Я несколько удивился неожиданному предложению: Головачева испугала корректура, и он же предлагает работу в таком учреждении. Впрочем, может быть, я удивляюсь задним числом: тогда террор еще не разгорелся, химия и взрывчатые вещества не играли никакой роли в революции, и вскоре я стал проводить утренние часы за чертежной доской в минном офицерском классе.

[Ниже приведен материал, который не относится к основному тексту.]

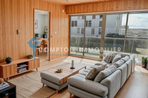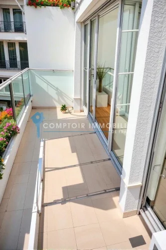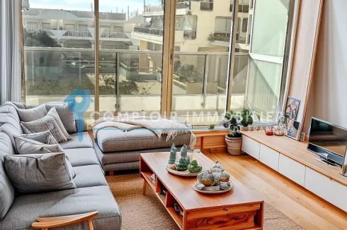 In a residence in the city center of La Grande Motte, 2 steps from the beach? Superb one-bedroom apartment (46 m2 Carrez law), very well laid out and perfectly renovated. Entrance, separate kitchen, living room, beautiful bedroom with dressing room. All spaces are bright. S/W exposure for the living room which opens onto a 10m2 terrace. N/E for the bedroom adjoining a glazed loggia of 10 m2 also. A cellar is sold with the apartment.
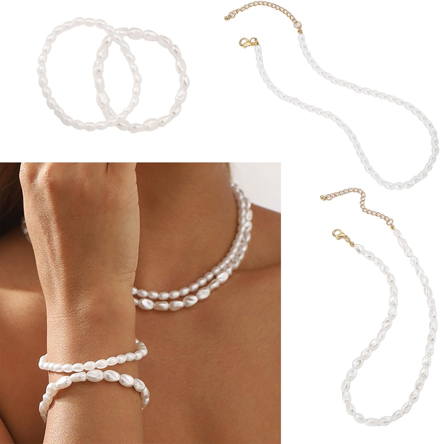 Bracciale perle e collana combinata con cattura degli occhi per perle collana per perle set catena polso elegante e ornamento del collo Caratteristiche: Abbraccia la sostanza della grazia vintage francese con nostro braccialetto e la collana retrò francese per perle e collana, delicata aggiunta alla tua collezione gioielli. Ogni accessorio è realizzato con perle lucenti che offrono un fronte liscio, integrato dalla lega per usura duratura senza offuscamento. Progettato per le donne in avanti che apprezzano l'estetica rilassata francese, questo set è prova per stili sofisticati. Adatto a varie occasioni, dagli incontri casuali ai matrimoni, questo set versatile può elevare qualsiasi outfit, che tratti abbigliamento casual, abbigliamento formale o abito da Regola la lunghezza per adattarsi perfettamente polso o collo e lascia che questo set perle i centrotavola che mettono insieme tuo look con fascino. Specifiche: Componente: ABS Dimensione del braccialetto: 5 cm/1,97 pollici Dimensione della collana: 38 ~ 45,5 cm/14,9 ~ 17,9 pollici pacchetto include: 1SET RETRO FRANCH LAZY STYLES BRACELETTORE E CACCOLA Nota: prega consentire l'errore 1-2 cm a causa della misurazione manuale. Assicurati non preoccuparti prima un'offerta. A causa della differenza tra diversi monitor, l'immagine potrebbe non riflettere colore effettivo articolo Grazie!
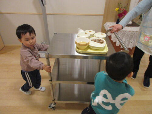 食器を給食室に戻しに行くのもお気に入りの作業となっています。
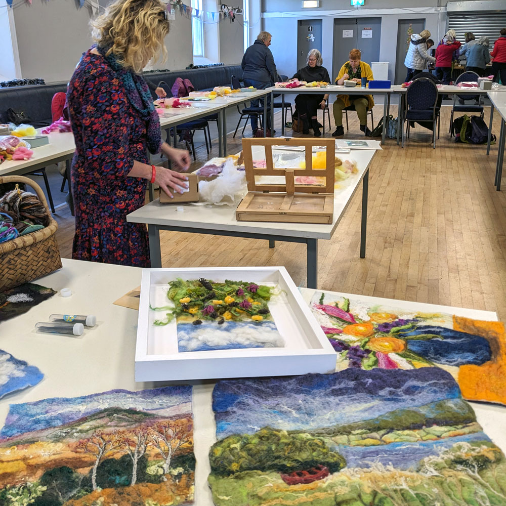 Throughout the Session, Elizabeth will demonstrate feltmaking using the various fibres and fabrics available. Come and see!
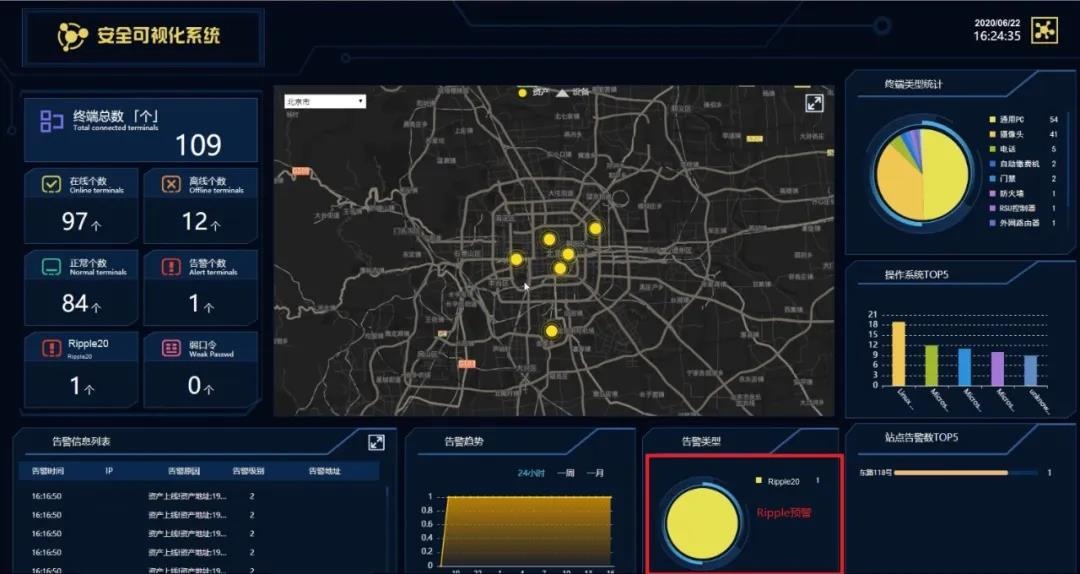 基于GIS方式展示出内网中所有受“Ripple20” 影响的物联网资产的全局显示,管理者具备全局评估抓手。

VII. Среди cоряков. — В.П. Верховский и деловая философия. — Адмирал Попов

И учреждение, и его работа, и начальник его представляли много интересного. В моем столе хранились чертежи всех мин, не исключая и чуда тогдашнего минного искусства — мины Уайтхеда, которая, получив приказание, могла идти со скоростью тридцати верст в час на любой глубине под водой, взорвать подводную часть корабля, а в случае неудачи вернуться обратно. В той же комнате, где я работал, офицеры читали матросам лекции, а в соседней, где находился большой бетонированный бассейн-колодезь, производились опыты небольших взрывов под водой. Там же готовились взрывчатые патроны с говардовой ртутью. Однажды в той комнате вдруг раздался взрыв. Оказалось, что у одного минера оторвало кисть руки. Его увезли в больницу, а офицер тотчас же собрал минеров и прочел им лекцию об изготовлении патронов. Он перечислил все предосторожности и закончил:

— Но так как все-таки, несмотря на все предосторожности, говардова ртуть взрывается иногда от неизвестной причины, то каждый работающий минер не должен иметь ее в данное время более чем на тридцать патронов. Тогда в случае взрыва погибнет минер, пострадает, может быть, комната, но здание останется цело.